Monday, January 18, 2010

Monday

I heard on the radio that statistically, today, is the most depressing day of the year. Something to do with the third monday of January. I'm not sure if this is valid only for Ireland (I can't believe there would be many depressed people in New Zeland in the middle of the summer!) but certainly it was not an easy/good day for me.

I gave my first lecture at 9 which was no problem at all. I actually was in way ahead of time as I didn't want to take any chances with the traffic. I had a nice plan for my working day ahead and it was even sunny outside.

And then I checked my emails.

A friend of mine, from my home-town university, lost her husband over the weekend. She is only 3 years older than me and so was he. I cannot even imagine the despair and pain she must be in.
They got together in school and eventually got married probably less than ten years ago. He had suffered from leukemia when he was a teenager but overcame it with no reoccurance. She married him knowing that they will never have children and she just loved him so. Unfortunately, a part from infertility, one of the rare side effects of the drugs was to cause lung damage and he fell within that ridiculous statistic.

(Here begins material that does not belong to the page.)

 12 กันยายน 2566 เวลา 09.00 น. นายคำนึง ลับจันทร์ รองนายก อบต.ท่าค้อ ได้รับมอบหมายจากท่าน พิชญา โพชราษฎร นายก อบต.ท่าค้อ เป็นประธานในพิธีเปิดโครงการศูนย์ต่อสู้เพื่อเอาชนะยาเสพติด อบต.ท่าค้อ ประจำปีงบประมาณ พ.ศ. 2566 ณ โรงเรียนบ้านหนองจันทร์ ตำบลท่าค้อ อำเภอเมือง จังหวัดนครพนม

I didn't know anything about this until I met my friend when I went to Italy in November. She told me that unfortunately her DH wasn't well and was now constantly walking around with a bottle of oxygen and in the National waiting list for a lung transplant. As his condition deteriorated before the Summer, he was bumped up the list and they were constantly waiting for the phone to ring. She was very positive and optimistic, I told her about my MIL and her kidney transplant over 20 years ago and how that did save her life and she is still doing well. I wished her all the very best and although we do not email eachother much we know we are in each other's thoughts for one reason or another (work, common friends etc.). I saw her again at Christmas, no news but still very positive and looking forward to the future.
So when I got the email from one of my colleagues in Italy my heart just sunk. Apparently he contracted pneumonia and with such a weak body there was nothing they could do.
The funeral was today. I cannot think of anything else. I wrote her a card which I'll put in the post tomorrow, but what can you say when someone's life just crashes to the ground in a million pieces?

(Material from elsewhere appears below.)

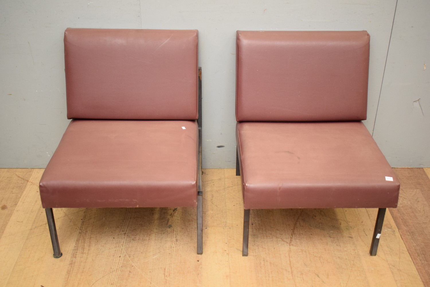 A PAIR OF 1950S AUSTRALIAN MADE RETRO BURGUNDY SLAB CHAIRS ON STEEL BASES, EX ORMOND COLLEGE (76H x 57W x 71D CM) (LEONARD JOEL DELIVERY SIZE: LARGE)

And suddenly all that I'm doing to have a baby seems just so unnecessary.

10 comments:

junebug said...

Hugs to you and to your friend. That is so sad. It makes all the cliches true about life being so short and learning to enjoy the time we have together.

Anonymous said...

Oh, my. I am so sorry for your friend's loss. That's so sad. My thoughts and prayers are with her.

Clare said...

What a terrible situation. I am so very sorry for your friend. Events such as these really put all our worries into perspective.. though your efforts to have a baby are no less valid, just put into perspective.... Sending hugs.

Heather said...

I'm so sorry to hear about your friend. I lost a friend from college to something very similar. She never made it off the lung transplant list either. Awful. I often think of my friend and she reminds me that I do indeed have a lot to be thankful for.

Take care.

MJ said...

Thoughts and prayers for your friend at the loss of her DH.

Best When Used By said...

Your friend's loss is tragic and horrible, but it does not invalidate your efforts to have a child. I think it reinforces the idea that life is precious and we must all live each day to the fullest, making sure we do all that we want to do, be all that we can be, do everything in our power to make our dreams come true, and of course, be kind and gentle with others. Your sympathy care will mean a lot to your friend, and I'm sure your friend would want you to live your life to the fullest - including doing all that you can (or want to do) to be a mom.

Anonymous said...

Oh Fran, I am so sorry to read of your friend's loss. ((Hugs)) to you. I know your care and concern for her will be of comfort during this really difficult time.

Momasita said...

I'm so sorry for your loss. When we lose someone so young and so unexpectedly it tends to bring a lot of things into focus for us. It really highlights the important things. I agree with a pp, while it's a horrible situation I don't think it makes your bid to have a child any less valid. Sending many hugs to you.

Anonymous said...

Yes, that's so sad. It's like all the priorites re-order themselves like books on a shelf, when you hear news like that. Still, it's all relative - we all have the things we care about and worry about; trying for a baby is now less valid although bad news always provides perspective.

Lut C. said...

A tragic loss for your friend, and a reminder to appreciate what one does have in life.
That said, I find other people's struggles don't cancel the emotions I have about mine.